# ACTIVITY:
What are the lines from the top of the entries through the one with "会前,马丁院士与刘先胜在妇产"? Write them out exactly, with no pictures.

# RECORDS PROVIDED:
========

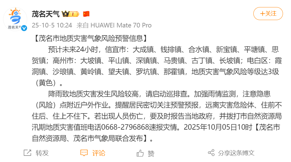 【茂名市地质灾害气象风险预警信息】预计未来24小时,信宜市:大成镇、钱排镇、合水镇、新宝镇、平塘镇、思贺镇;高州市:大坡镇、平山镇、深镇镇、马贵镇、古丁镇、长坡镇;电白区:霞洞镇、沙琅镇、黄岭镇、望夫镇、罗坑镇、那霍镇,地质灾害气象风险等级达3级(黄色)。
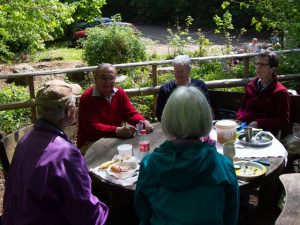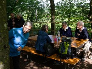 Die Sonne versteckte sich mit der Zeit hinter den Bäumen, so dass wir unsere Tische an besonnte Plätze verschoben. Am späteren Nachmittag begannen wir aufzuräumen und die ersten machten sich auf den Heimweg.
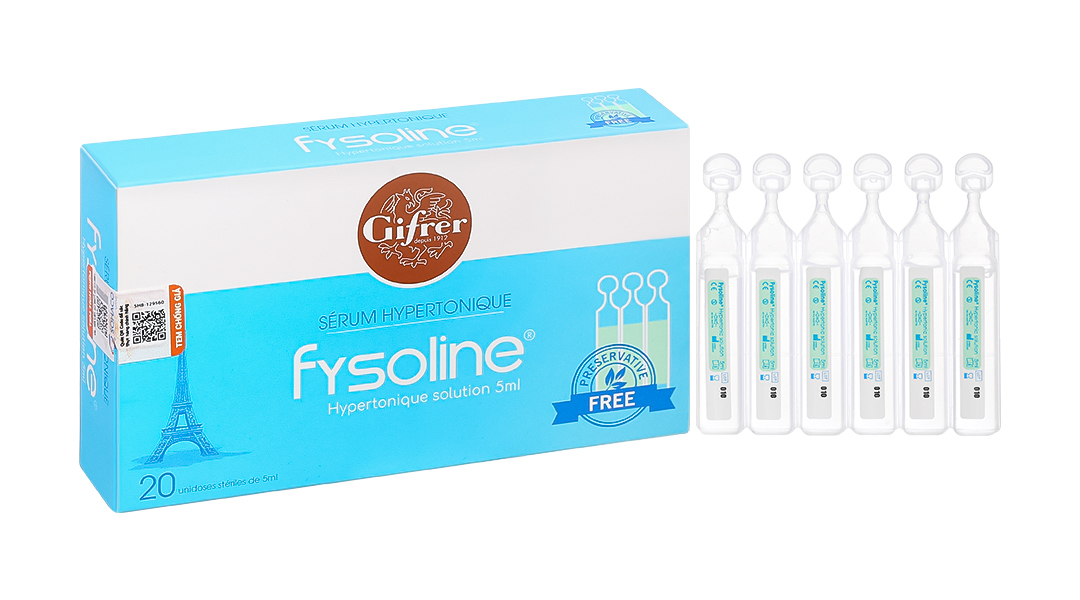 - Fysoline Hypertonic solution không chứa chất bảo quản, dạng ống đơn liều 5ml phù hợp cho trẻ sơ sinh, trẻ nhỏ và người lớn.
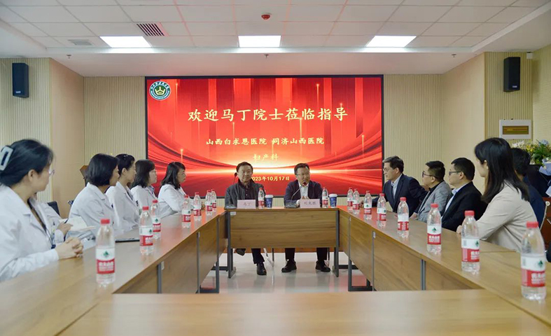 会前,马丁院士与刘先胜在妇产科教研室与科室医护人员举行座谈。马丁院士表示将尽己所能,推动山西白求恩医院妇产科的学科建设、科学研究、人才培养,使其更好地为三晋百姓提供全生命周期的连续健康服务,最大限度保障人民群众的生命健康安全。(许文辉 韩婧)
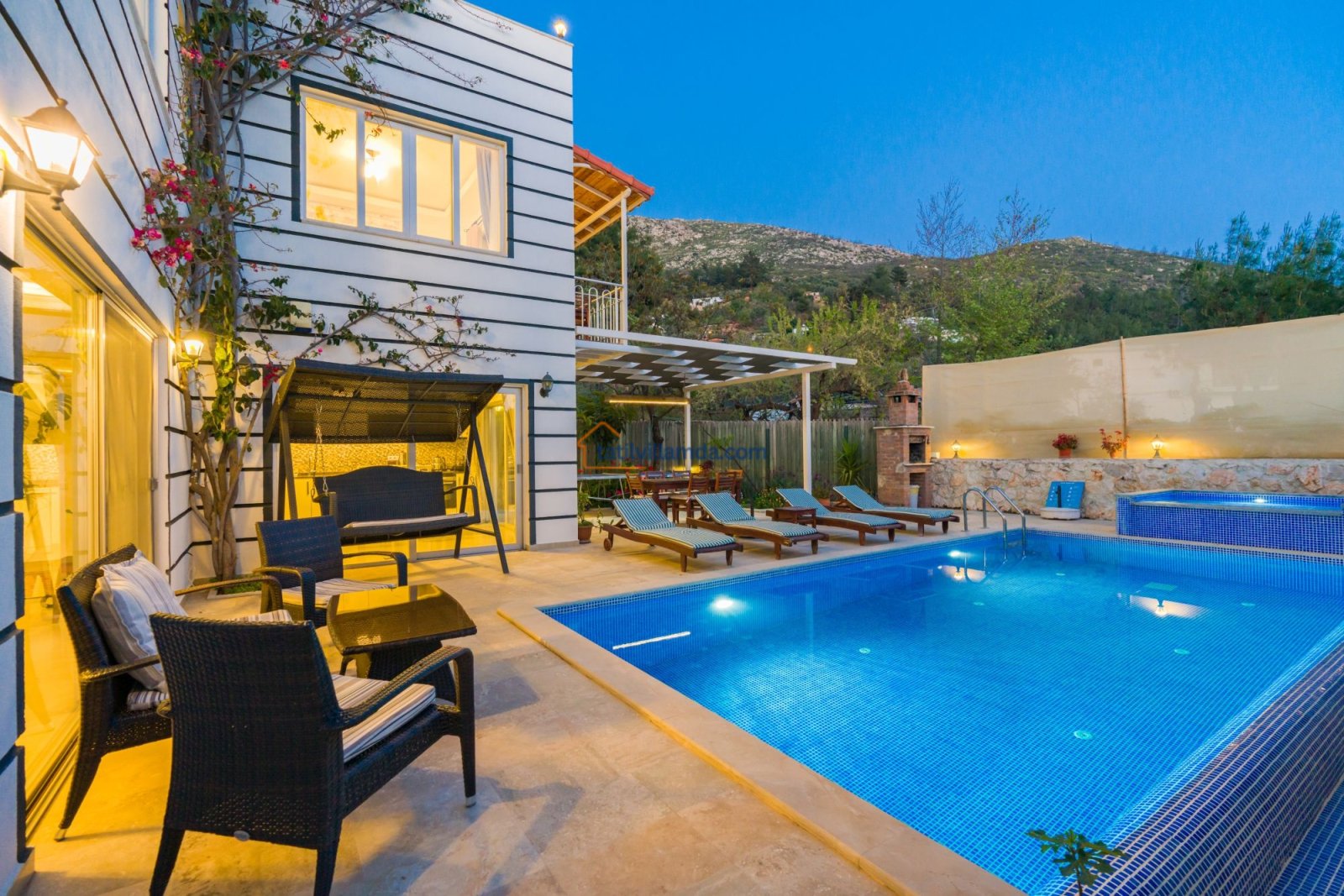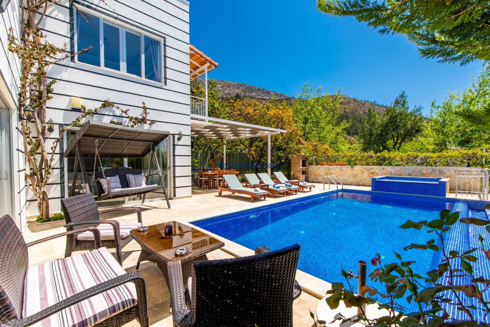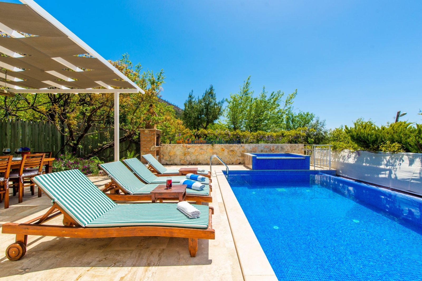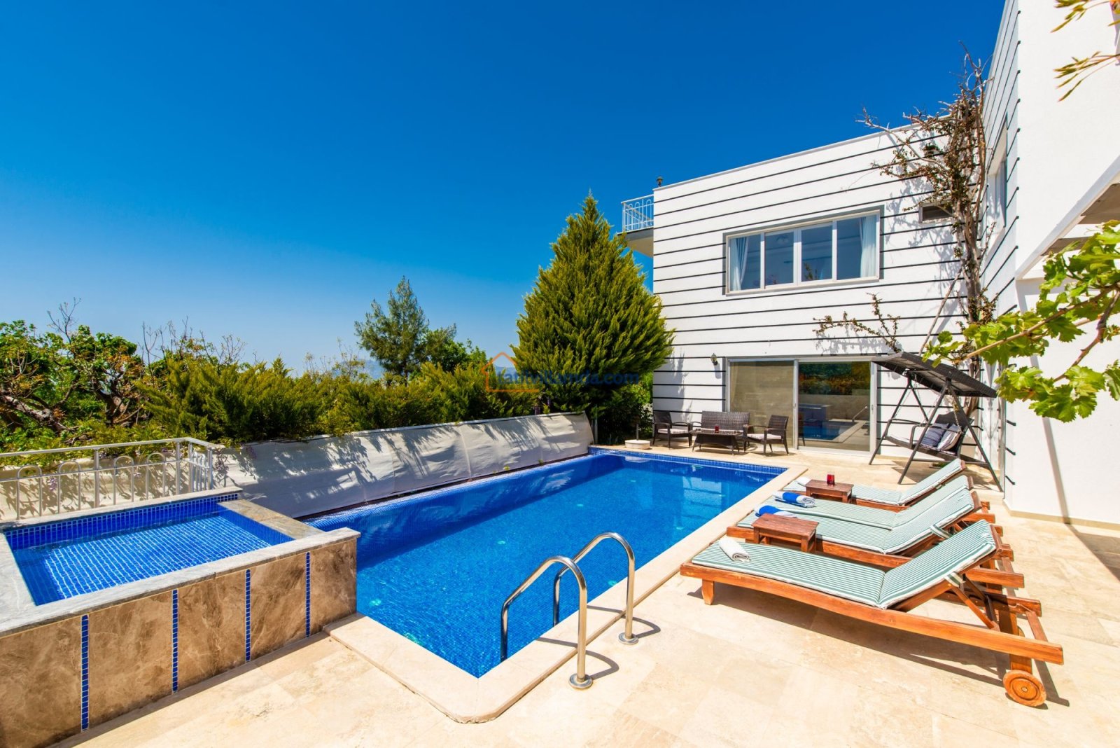 Kalkan Üzümlü’nün huzurlu atmosferinde yer alan bu geniş ve ferah villamız, konforlu donanımı ve modern mimarisiyle misafirlerine ayrıcalıklı bir tatil deneyimi sunuyor. Ebeveyn odasında yer alan özel jakuzi, tatilinize ekstra rahatlık katarken; yılın her döneminde kullanılabilen ısıtmalı havuz sayesinde dört mevsim keyifli bir konaklama mümkündür.

========

# WORKED SOLUTION:
 【茂名市地质灾害气象风险预警信息】预计未来24小时,信宜市:大成镇、钱排镇、合水镇、新宝镇、平塘镇、思贺镇;高州市:大坡镇、平山镇、深镇镇、马贵镇、古丁镇、长坡镇;电白区:霞洞镇、沙琅镇、黄岭镇、望夫镇、罗坑镇、那霍镇,地质灾害气象风险等级达3级(黄色)。
 Die Sonne versteckte sich mit der Zeit hinter den Bäumen, so dass wir unsere Tische an besonnte Plätze verschoben. Am späteren Nachmittag begannen wir aufzuräumen und die ersten machten sich auf den Heimweg.
 - Fysoline Hypertonic solution không chứa chất bảo quản, dạng ống đơn liều 5ml phù hợp cho trẻ sơ sinh, trẻ nhỏ và người lớn.
 会前,马丁院士与刘先胜在妇产科教研室与科室医护人员举行座谈。马丁院士表示将尽己所能,推动山西白求恩医院妇产科的学科建设、科学研究、人才培养,使其更好地为三晋百姓提供全生命周期的连续健康服务,最大限度保障人民群众的生命健康安全。(许文辉 韩婧)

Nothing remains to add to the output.